Glance Laurent G, Dick Andrew, Osler Turner M, Li Yue, Mukamel Dana B
Department of Anesthesiology, University of Rochester School of Medicine and Dentistry, Rochester, New York 14642, USA.
Med Care. 2006 Apr;44(4):311-9. doi: 10.1097/01.mlr.0000204106.64619.2a.
Risk adjustment is central to the generation of health outcome report cards. It is unclear, however, whether risk adjustment should be based on standard logistic regression, fixed-effects or random-effects modeling.
The objective of this study was to determine how robust the New York State (NYS) Coronary Artery Bypass Graft (CABG) Surgery Report Card is to changes in the underlying statistical methodology.
Retrospective cohort study based on data from the NYS Cardiac Surgery Reporting System on all patient undergoing isolated CABG surgery in NYS and who were discharged between 1997 and 1999 (51,750 patients). Using the same risk factors as in the NYS models, fixed-effects and random-effects models were fitted to the NYS data. Quality outliers were identified using 1) the ratio of observed-to-expected mortality rates (O/E ratio) and confidence intervals (CIs) calculated using both parametric (Poisson distribution) and nonparametric (bootstrapping) techniques; and 2) shrinkage estimators.
At the surgeon level, the standard logistic regression model, the fixed-effects model, and the fixed-effects component of the random-effects model demonstrated near-perfect agreement on the identity of quality outliers using a quality indicator based on the O/E ratio and the Poisson distribution. Shrinkage estimators identified the fewest outliers, whereas the O/E ratios with bootstrap CI identified the greatest number of outliers. The results were similar for hospitals, except that the fixed-effects model identified more outliers than either the NYS model or the fixed-effects component of the random-effects model.
Shrinkage estimators based on random-effects models are slightly more conservative in identifying quality outliers compared with the traditional approach based on fixed-effects modeling and standard regression. Explicitly modeling surgeon provider effect (fixed-effects and random-effects models) did not significantly alter the distribution of quality outliers when compared with standard logistic regression (which does not model provider effect). Compared with the standard parametric approach, the use of a bootstrap approach to construct 95% confidence interval around the O/E ratio resulted in more providers being identified as quality outliers.

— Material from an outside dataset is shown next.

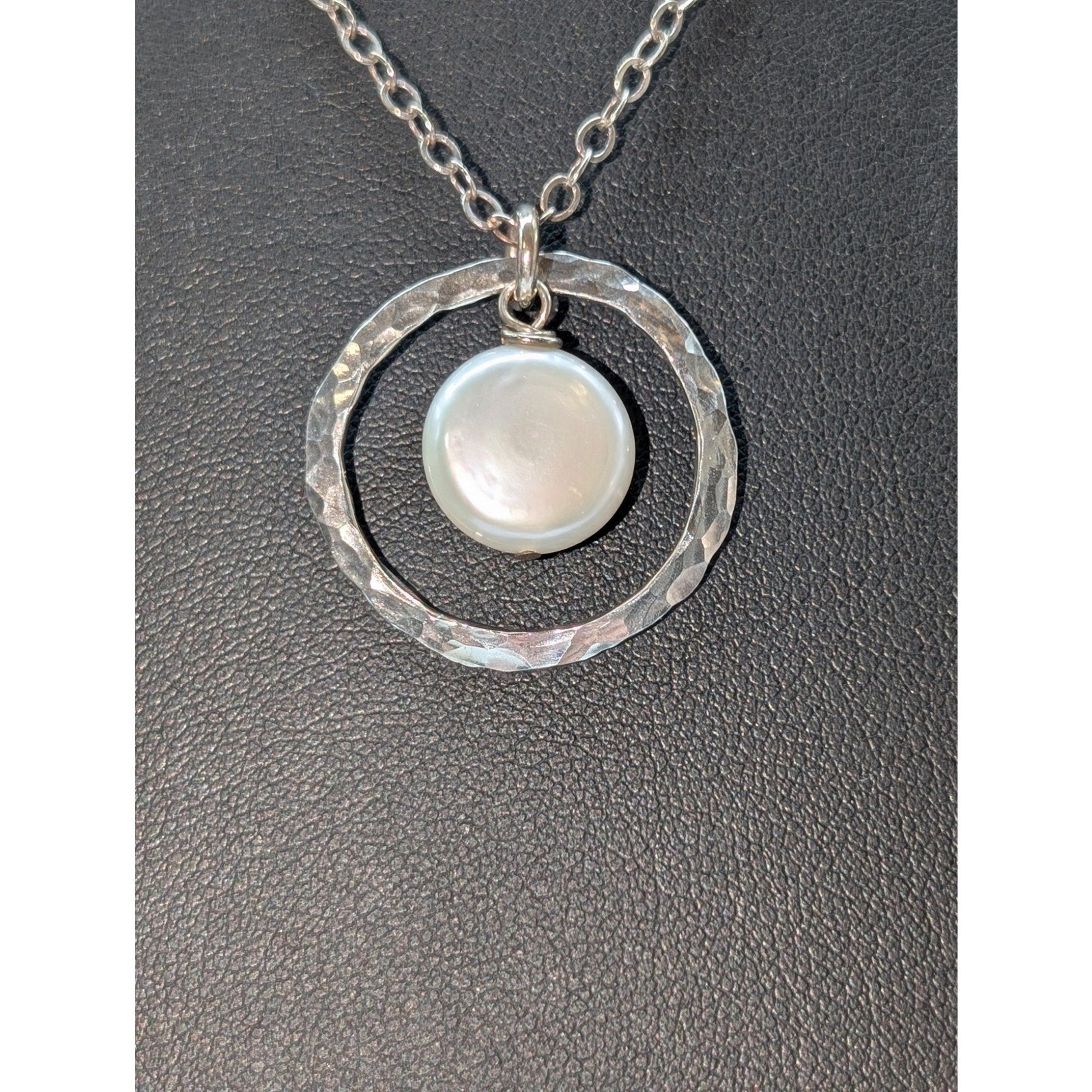 925 Sterling Silver Dangling Pearl In Hammered Circle Pendant Chain 16.5"-18.5" Necklace. Pre-owned, this necklace is in excellent condition.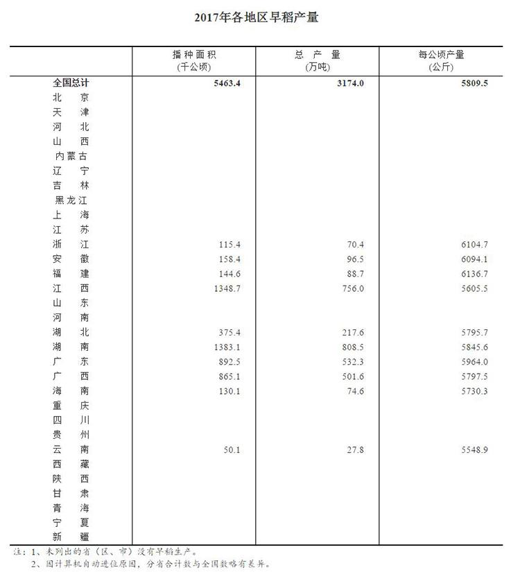 经济日报-中国经济网北京8月28日讯 据国家统计局网站消息,根据对早稻主产区的实割实测抽样调查和非主产区的重点调查,2017年全国早稻播种面积、单位面积产量、总产量如下:

风险调整是生成健康结果报告卡的核心。然而,尚不清楚风险调整应基于标准逻辑回归、固定效应模型还是随机效应模型。
本研究的目的是确定纽约州(NYS)冠状动脉搭桥术(CABG)手术报告卡对基础统计方法变化的稳健程度。
基于纽约州心脏手术报告系统的数据进行回顾性队列研究,研究对象为1997年至1999年间在纽约州接受单纯CABG手术并出院的所有患者(51750例患者)。使用与纽约州模型相同的风险因素,对纽约州的数据拟合固定效应模型和随机效应模型。使用以下两种方法识别质量异常值:1)观察到的与预期死亡率之比(O/E比)以及使用参数(泊松分布)和非参数(自举法)技术计算的置信区间(CI);2)收缩估计量。
在外科医生层面,标准逻辑回归模型、固定效应模型以及随机效应模型的固定效应成分,使用基于O/E比和泊松分布的质量指标,在质量异常值的识别上表现出近乎完美的一致性。收缩估计量识别出的异常值最少,而带有自举法CI的O/E比识别出的异常值最多。医院层面的结果相似,只是固定效应模型识别出的异常值比纽约州模型或随机效应模型的固定效应成分更多。
与基于固定效应建模和标准回归的传统方法相比,基于随机效应模型的收缩估计量在识别质量异常值时略显保守。与不对外科医生提供者效应进行建模的标准逻辑回归相比,明确对外科医生提供者效应进行建模(固定效应和随机效应模型)并没有显著改变质量异常值的分布。与标准参数方法相比,使用自举法构建O/E比周围的95%置信区间会使更多提供者被识别为质量异常值。